Wednesday, January 18, 2012

Flushing our sewage into waterways unacceptable


 By Jim Mosher

Wastewater treatment has advanced since the halcyon days of ancient Rome — with a noted exception. As did the Romans, we continue to dump sewage into our waterways.

We remove the obvious bad stuff but are forced, by technological limits and a lack of political will, to leave a whole bunch of bad stuff in the treated sewage we discharge into our waterways. If the Romans treated their sewage at all, it was by incidental dilution because its sewage system was combined with its drainage system.

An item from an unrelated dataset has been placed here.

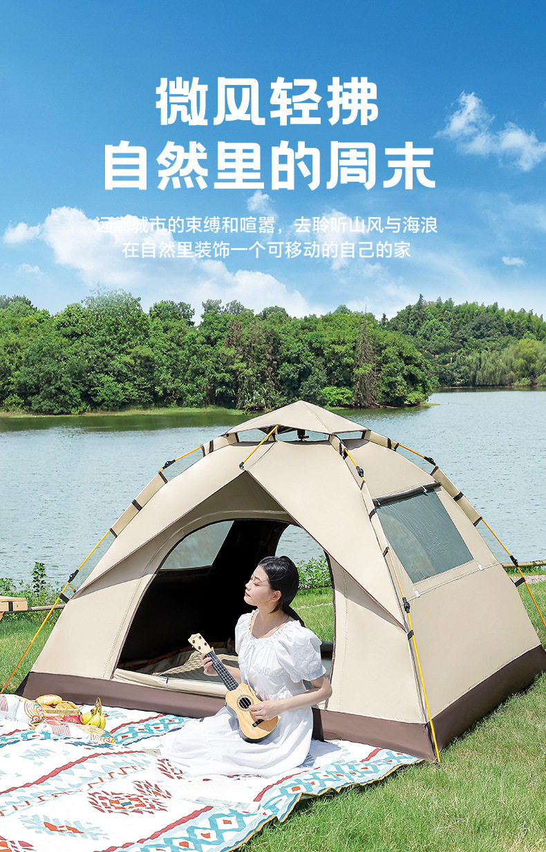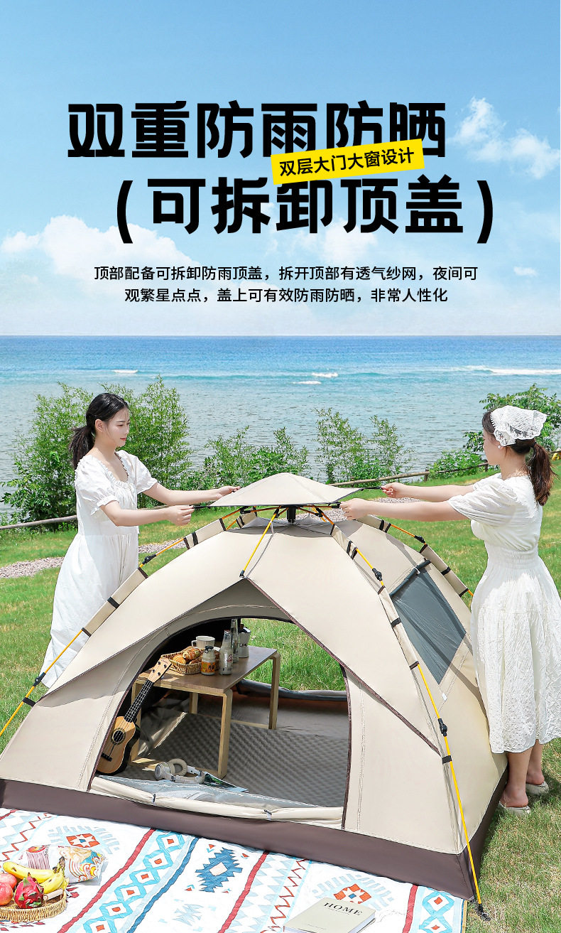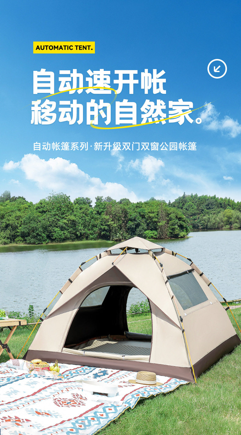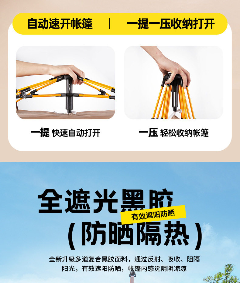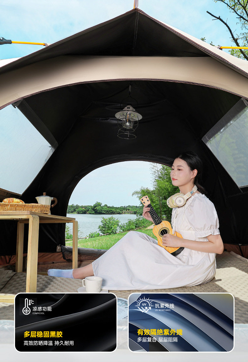 戶外可攜式露營帳篷野營春遊全自動速開帳篷沙灘防曬防蚊黑膠帳篷

The combined sewer system in Winnipeg isn’t much different; seems we haven’t advanced much since ancient Rome. During heavy rainfalls, snowmelts and watermain breaks, Winnipeg’s system simply overflows. That results in raw sewage entering the Red and Assiniboine rivers. It is well documented that such events cause nutrient loading of waterways and can lead to fish kills in the receiving waters.

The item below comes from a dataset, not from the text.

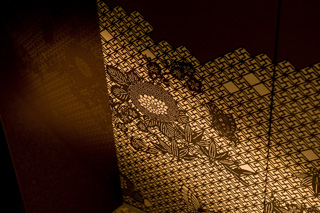 パブリックスペースには、平安時代の遊び道具で飾扇、香炉、貝合わせ、文庫や香立、匂袋、古書の他、訶梨勒飾、几帳、伏籠、小火取香炉などの小物で演出。エレベーター扉は平安期の着物の柄「有職文様」と、伊勢の伝統工芸「伊勢型紙」をモチーフに各フロア春夏秋冬をイメージし、廊下の絵画は「斎王群行」の様子を、当時の群行の配列や装束の形態や色彩に考慮し制作しました。

This situation is no longer tolerable.

One cannot blame the members of Winnipeg’s current city council entirely. They were not around when the city’s combined sewer system was built decades ago. But they can be blamed for dragging their feet on construction of a new system. Yes, the price tag is in the hundred of millions of dollars — it’s a price we should all share. Let’s get on with it.

Though the sewage of the modern moment has been ‘treated’, it continues to foul our lakes and streams with a host of contaminants. It’s not as noxious as the pollution that flowed into the Tiber River from the sewage systems of long-ago Rome but it remains a toxic brew.

The effluent that comes out after sewage is treated contains nutrients that stress out waterways, as well we know; but that effluent also contains pathogens, toxic chemicals, household products, hormones, antibiotics, pharmaceuticals and road salt, according to the 15th Biennial Report of the International Joint Commission (IJC), released in January 2011.

“The sources of these threats include: failing septic systems, leaking underground storage tanks, hazardous waste sites, abandoned wells, leaking sanitary sewers, confined animal feeding operations, de-icing practices, landfills, land application of manure, agricultural practices, spills, atmospheric deposition, vehicle fluids, cemeteries, petroleum refineries and injection wells,” the IJC report states.

But that’s not all, there are ‘chemicals of emerging concern’, chemicals that are unregulated or inadequately regulated. “Wastewater treatment plants, one of the leading conveyors of these chemicals to the nearshore [of waterways], are not designed to remove them,” the report notes with some understatement.

Dumping ‘treated’ sewage into waterways then is a game of ecological Russian roulette. While there is no ready solution, there are alternatives available, including composting and combustion toilets — choices that are out of the financial reach of many. Constructed wetlands  absorb nutrients and take up microorganisms that otherwise foul our waterways; they have proved effective in some locales. These man-made wetlands offer an additional level of treatment, but they’re usually only suitable for smaller communities; city-scale use of constructed wetlands would consume too much land.

The chemicals we know are washed out with our effluent and the others of ‘emerging concern’ can probably be removed with additional, likely costly, layers of treatment. Those innovative design approaches may be decades away.

In the absence of a ready solution, municipalities will continue to treat their sewage to the standards now in place then allow that effluent to run into our waterways, whether from lagoons or wastewater treatment plants.

We have become too accustomed to ‘washing away’ our sewage with water, says David Schindler, Killam professor of ecology at the University of Alberta. Is there an alternative? Not in the short term, says Schindler.

“I really think, though, that in the long term we need to get away from the 19th-century notion that water is just there to wash away sewage,” Schindler said in an interview with the author in 2007. “Composting and combustion toilets — I think we really need to be turning to that on a large scale.”

Many jurisdictions offer modest incentives to switch to low-flush and alternative toilets. We could adopt a more aggressive approach. New-home builders and sellers should be required to install toilets that reduce or remove both water and organic material from the wastewater stream. This would not increase the price of a home by a lot, but it could make a difference over a few decades.

The incremental nature of fundamental change is frustrating because it will take years for our actions to have a measurable impact. Staying with the status quo will only exacerbate the problem. We must, at the least, take the baby steps that are required. And soon.